悠理は、両手で海水を掬い上げると、清四郎めがけて宙に放った。

「わっ!」

不意打ちをくらって、清四郎が短い悲鳴を上げる。悠理は調子に乗って、顔を背けた彼めがけて、二度、三度と、掬った海水を放った。波と水圧に足を取られ、清四郎はいつものように素早く動けないでいる。その丸めた背中に、悠理が放った海水が弾け、きらきらと中空を彩った。

 

しかし、悠理の一方的な攻撃は、すぐに終わった。

清四郎の逆襲がはじまったのだ。

 

身をふたつに折って、悠理に背を向けていた清四郎が、急に振り返った。

「ぎゃあ!!」

避ける間もなく、悠理の胸元に海水が飛んできた。清四郎の掌は大きいから、掬い上げた海水の量も、悠理とは比較にならない。胸元から腹部まで広く濡れてしまい、悠理は逆上して清四郎を睨みつけた。

「このっ!」

悠理は、袖が濡れるのも構わず、海に手を突っ込んだ。そして、勢いをつけて両腕を上げ、清四郎に海水を浴びせる。が、清四郎の逆襲が、簡単に止むはずもなく、次々と悠理に海水が飛んできた。

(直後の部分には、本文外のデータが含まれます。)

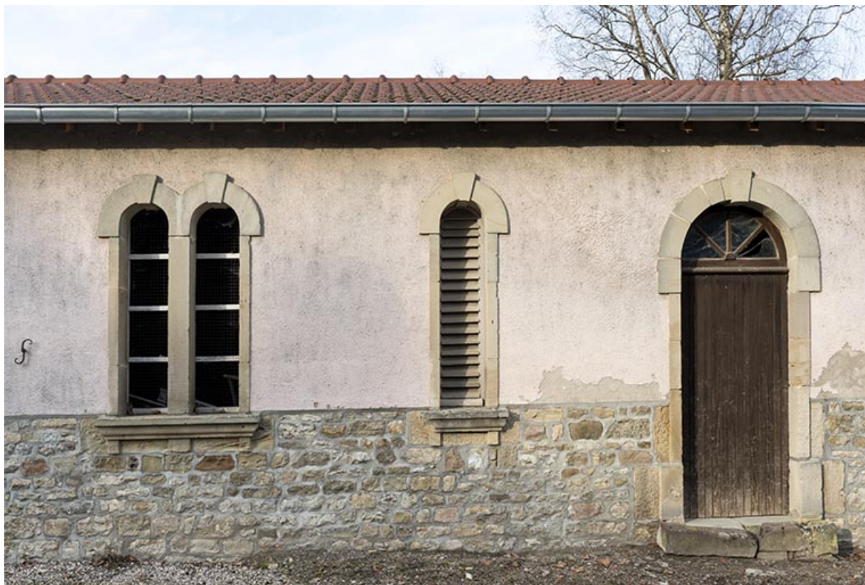
Vue de face de l'ancienne dépendance depuis la rue.

意地をかけた海水のかけあいは続き、二人はあっという間にびしょ濡れとなった。

 

「もぉ!パンツまで濡れたじゃないか!」

「それは僕も一緒ですよ。」

 

雫を滴らせながら、互いを睨む。

僅かな沈黙の間を、互いの呼吸音と、波音が流れていく。

しかし、静かだったのは、ほんの僅かな間だけ。

 

悠理は波の下で足に力を籠め、清四郎に向かって、思い切りジャンプをした。

いきなりのタックルだったが、さすがは清四郎だけあって、揺らぎもせずに悠理を受け止めた。

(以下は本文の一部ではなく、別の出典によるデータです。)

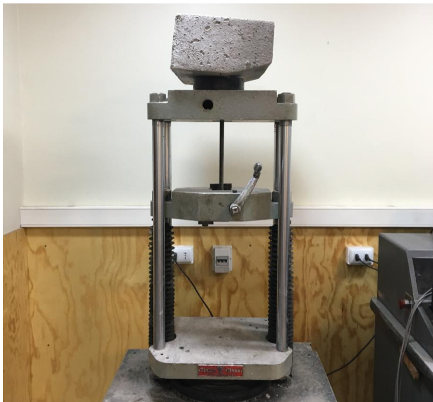
Figura B.2 Imagen del montaje utilizado para realizar el ensayo.

Finalmente se realizó el ensayo de tracción empleando una velocidad de 10 mm/mín. El montaje utilizado para realizar el ensayo se muestra en la figura B.2.

が、悠理が清四郎にしがみついたまま、後ろ向きに倒れるのは予想外だったらしい。

「うわ!?」

バランスを崩したところに、足払いまで加えられては堪らない。

二人はそのまま傾いで、折り重なるようにしながら、海中に没した。

 

 

はしゃいで火照った身体が、春の海の中で、冷えていく。

悠理は胸まで海中に没した状態で、ゆっくりと眼を開けた。

視界いっぱいに広がる、スカイブルー。

そして、耳元で聞こえる、清四郎の吐息。

「・・・こら。悪戯が過ぎますよ。」

耳朶を食むように囁かれ、悠理の中に新たな熱が生まれる。

 

清四郎の首に絡ませていた腕を解き、彼の顔を見つめてみた。

穏やかな黒い瞳が、悠理を映し、優しく笑んでいる。

それだけなのに、幸福で胸がいっぱいになった。

 

 

立ち上がって、互いの姿を確かめたら、何だか可笑しくなった。

完璧な濡れ鼠。全身から雫を滴らせて、みすぼらしいこと、この上ない。

ここまで濡れておきながら、大人しく砂浜なんかに上がったら、剣菱悠理の名が廃る。

 

悠理は陽光に煌く海原を眺めて、眼を細めた。

「清四郎!泳ごうぜ!」

そして、返事も聞かずに、海へとダイブ。

「悠理!?」

清四郎の驚く声は、波間で聞いた。

 

全力でクロールをし、しばらく進んでから、足をつく。水面は肩の下にあり、足をついていても、波のうねりに身体を攫われそうだ。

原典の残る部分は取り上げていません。